**WORK TO COMPLETE**
Only the lines from the one holding "本次宣讲在掌声中圆满落幕,但" through the end of the material are to be repeated, exactly and without pictures.

**SOURCE DATA**
========================================

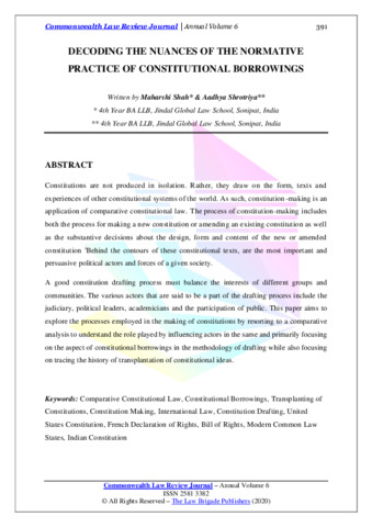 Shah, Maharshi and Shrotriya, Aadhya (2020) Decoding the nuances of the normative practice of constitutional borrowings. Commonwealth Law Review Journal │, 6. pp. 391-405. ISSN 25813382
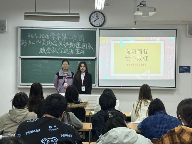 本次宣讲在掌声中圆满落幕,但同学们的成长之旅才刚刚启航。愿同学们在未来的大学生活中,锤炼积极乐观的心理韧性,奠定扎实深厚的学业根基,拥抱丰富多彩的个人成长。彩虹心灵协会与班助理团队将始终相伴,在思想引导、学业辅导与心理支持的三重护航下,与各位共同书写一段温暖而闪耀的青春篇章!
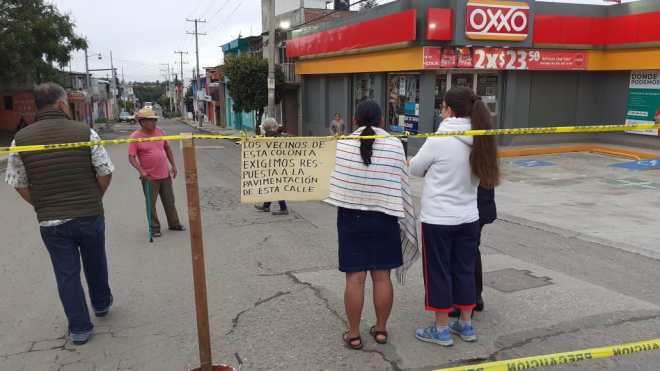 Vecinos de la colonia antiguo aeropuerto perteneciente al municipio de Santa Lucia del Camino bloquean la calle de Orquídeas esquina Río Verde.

========================================

**ANSWER**
 本次宣讲在掌声中圆满落幕,但同学们的成长之旅才刚刚启航。愿同学们在未来的大学生活中,锤炼积极乐观的心理韧性,奠定扎实深厚的学业根基,拥抱丰富多彩的个人成长。彩虹心灵协会与班助理团队将始终相伴,在思想引导、学业辅导与心理支持的三重护航下,与各位共同书写一段温暖而闪耀的青春篇章!
 Vecinos de la colonia antiguo aeropuerto perteneciente al municipio de Santa Lucia del Camino bloquean la calle de Orquídeas esquina Río Verde.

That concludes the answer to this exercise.